Covid behind drop in foreign direct investments to Africa in 2020

Foreign direct investments into Africa plunged by $7 billion in 2020, a new report by the United Nations Conference on Trade and Development (UNCTAD) indicates, due to the Covid-19 pandemic.

The investment flowing into the continent dipped to $40 billion in 2020, compared to $47 billion in 2019. However, the Asian continent was able to defy the pandemic recording a 4% improvement in foreign direct investment to $535 million.

The drop in foreign direct investments to Africa had a severe effect on commodity dependent economies like Eritrea, Nigeria, Ghana, Algeria, Benin, Togo and Tanzania, according to the UNCTAD report, while non-commodity economies like Egypt, Kenya and Ethiopia were spared.

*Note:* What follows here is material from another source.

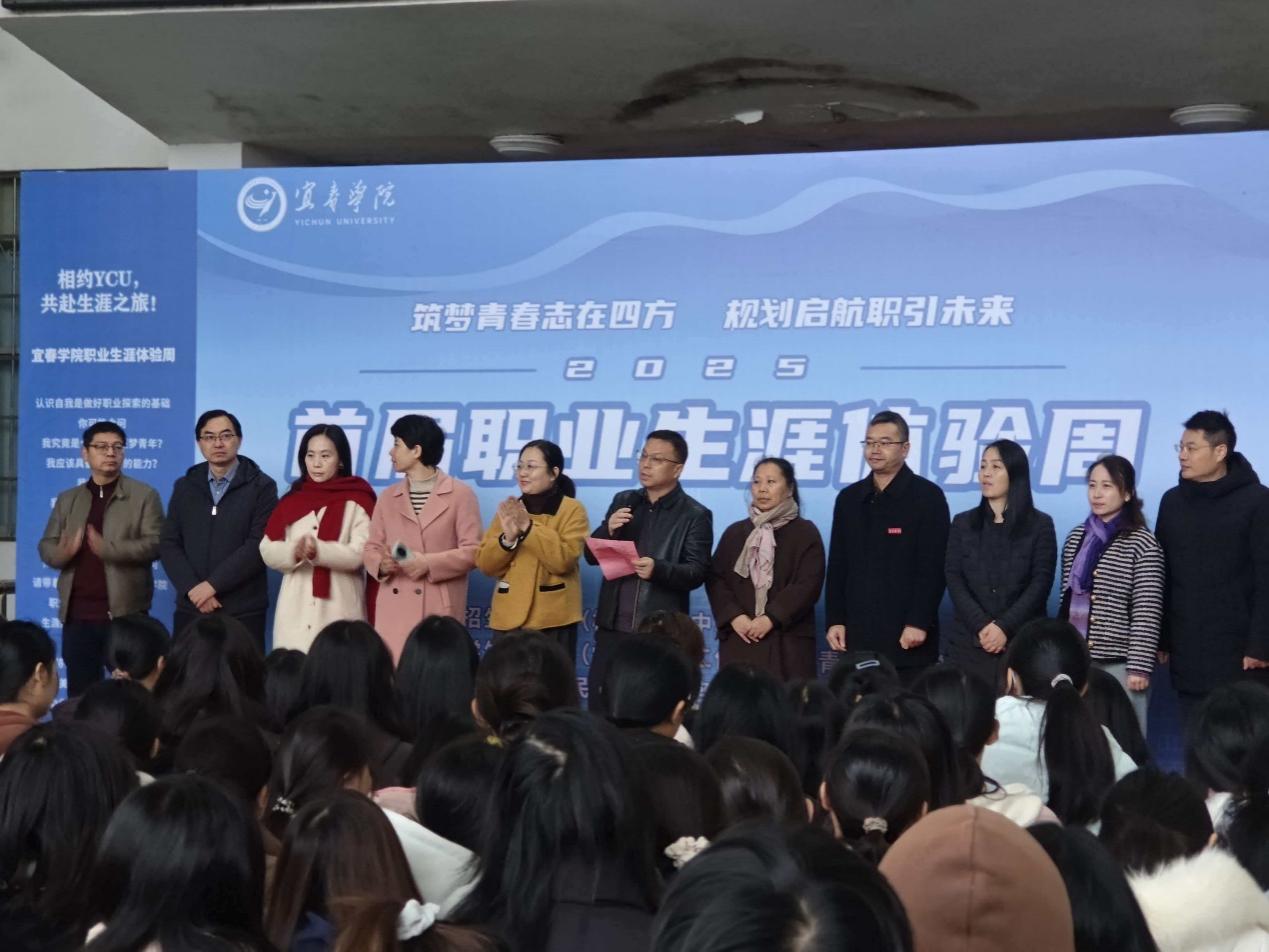 本站讯(学生通讯员 黄旭丹 周倩倩)为深入贯彻党中央、国务院及江西省委、省政府关于促进高校毕业生高质量充分就业的决策部署,扎实推进学校生涯教育体系建设,切实提升学生职业发展指导实效,12月13日上午,第三届全国职业规划大赛同期活动——宜春学院首届职业生涯体验周活动在校本部大学生活动中心就业之家和西校区图文中心一楼同时拉开帷幕。招生就业处、学工处、校团委负责同志及各教学院相关领导出席启动仪式。

The North African region suffered more than other parts of the continent with FDI contracting by 25% to $10 billion, from $14 billion in 2019. Egypt, the top recipient of FDI in Africa, registered a 35% plunge to $5.9 billion in 2020.

Western Africa posted an overall 18% decreased in FDI to $9.8 billion while Southern Africa recorded a 16% drop to $4.3 billion.

Investment flows to Eastern Africa fell to $6.5 billion in 2020, from $7.7 billion in 2019. Ethiopia emerged as the top recipient of FDI in the region, pocketing over a third of the investments into the region.

Meanwhile, Central Africa was the only region that recorded an increase in FDI in 2020, mainly supported by increased inflows to the Republic of Congo. Foreign Direct Investments to Central African countries rose to $9.2 billion from $8.9 billion in 2019.

There is optimism that global FDI flows will partially recover in 2021, with UNCTAD estimating 10-15% growths.